I was on a walk this morning with Mia, our puppy, when I discovered that her beloved Blue Cow, who she insists on bringing on every jaunt, had fallen from my pocket. It gets stowed there when she drops it about a block out from the house and it’s returned to her once we’re almost home.
This morning, we retraced our steps to retrieve Blue Cow. When Mia saw it lying beside the path, she ran to retrieve it. She walked the five blocks home with it clutched in her mouth, no longer trusting her treasure to my care.
It reminded me of the many times we retraced steps to find a little stuffed doll that has been my daughter’s most cherished possession since my husband and I gave it to her on her first birthday.
Dolly, who was never christened with a more sophisticated name, has been a constant in our lives for the past 11 years. She has been cuddled, dropped, photographed, lost and shipped back, washed and re-sewn any number of times. She has been on play dates, sleepovers, car and camping trips, stroller, airplane and boat rides …she’s one well-traveled toy.
We’re now on our third iteration of Dolly, the first two having been so well-loved that I tried to replace them with Dolly Number Three. This last turned out to be an imposter. She didn’t “feel the same” as the the prior two whose velveteen has been worn thin by love.
In the beginning, Dolly was a constant companion, never leaving my daughter’s side except for nursery school. Eventually, Dolly transformed into a nighttime-only companion. Until recently, Dolly slept under my daughter’s chin, to be caressed, mushed and fondled throughout the night, even as my daughter slumbered soundly. My husband often teased – never in a critical way – about having to pack Dolly off to college with our daughter.

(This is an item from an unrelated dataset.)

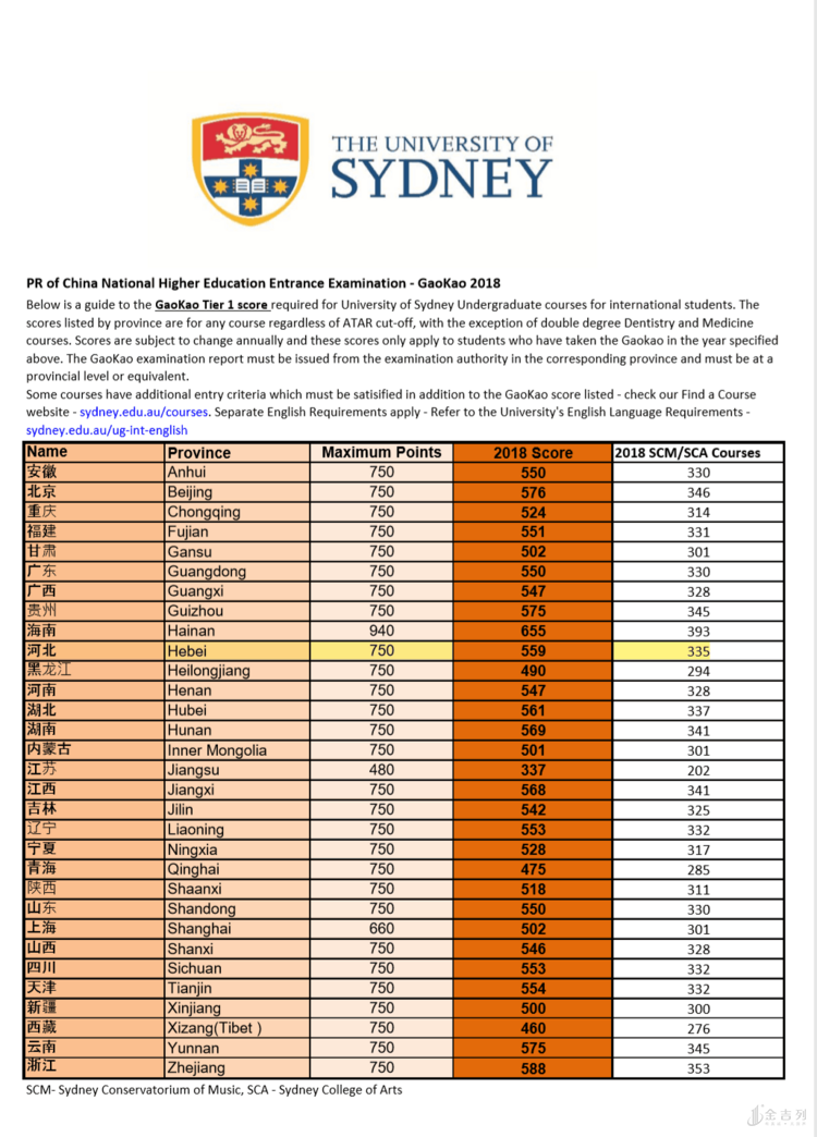 学生想要通过高考成绩直录大一,那么需要达到悉尼大学的录取分数线。悉尼大学针对不同省份会有不同的高考分数要求,见下表:

Lately, I’ve seen Dolly and her almost-identical sister relegated to the foot of my daughter’s bed, anchored in place only by the footboard. Each of these steps attests to my little girl’s ever-increasing self-confidence. She no longer needs the reassurance Dolly once gave her.
As a parent, I am so proud of how far she has come… with her growing courage, burgeoning creativity, ripening sense of humor and blossoming personality that only comes with maturation. She’s growing up…growing independent. I wouldn’t change it for the world…But that doesn’t mean I won’t still miss the Dolly Years.